MS (Data Science) Part Time
Quaid-i-Azam University is keen to serve the community and is providing an opportunity to those who are working in the related fields and may not be able to attend a full time post graduate programme. Classes will be held in the evening after 5pm. By getting admission in the programme applicants will not only improve their qualifications but will be equipped with the latest knowledge and techniques in the field of information studies
Programme Objectives
The main objectives of the programme are to enable students to:
- Analyze and solve problems related to data for local and international markets
- Effectively use appropriate techniques and tools used in data science
- Learn state of the art technologies associated with data science
- Pursue a PhD degree in data science or associated disciplines
Admissions Requirements
The minimum requirements for admission are:
- BS or MSc (16 years of education) in computing related disciplines OR
- BS or MSc (16 years of education) in non-computing disciplines having studied at least two mathematics related courses and one statistics related course in their terminal degree. Such students must pass non-credit deficiency courses of “Problem Solving and programming”, “Data Structures”, and “Database Systems”. These courses may be exempted, if the applicant has already studied them in his or her terminal degree.
- Must pass test and interview arranged by the department
Programme Structure
MS programme consists of 30 credit hours.
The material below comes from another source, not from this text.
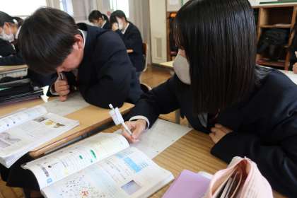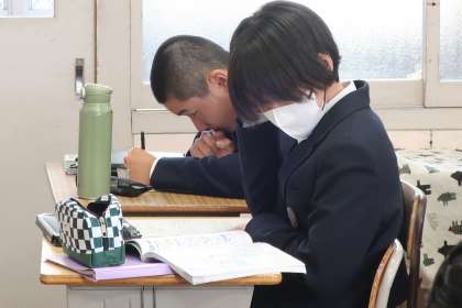 「地震の伝わり方」の単元で、初期微動と主要動、P波とS波のちがい、初期微動継続時間など、重要語句の理解や計算問題に取り組んでいました。
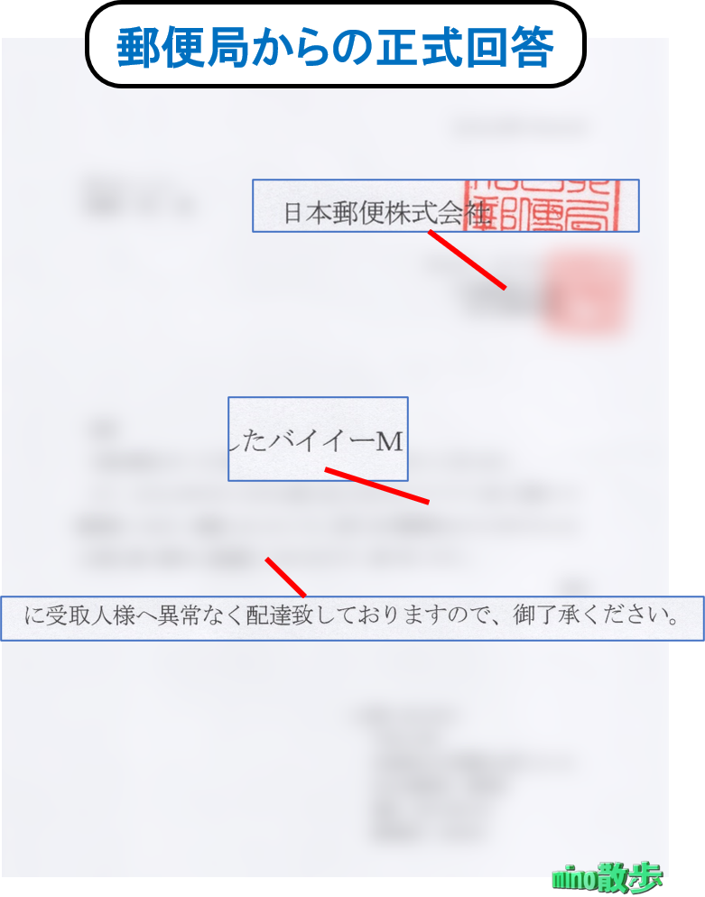 ・その後郵便局から正式回答があり、「到着予定日に問題なく配達」している事を確認

Each course is of 3 credit hours and there are 2 compulsory courses and a number of optional courses.
MS (Data Science) programme with 2 options:
- 24 credit hours for the course work and 6 credit hours for project/thesis
- 30 credit hours for the course work
DSC-605: Programming for Data Science
Problem solving for data science, programming constructs, data structures (lists, sets, tuples, dictionaries), working with different types of data (tabular, semi-structured, unstructured), data wrangling (understanding data, transforming and structuring data, data cleaning, data enrichment, data validation), introduction to data analytics, data visualization basics.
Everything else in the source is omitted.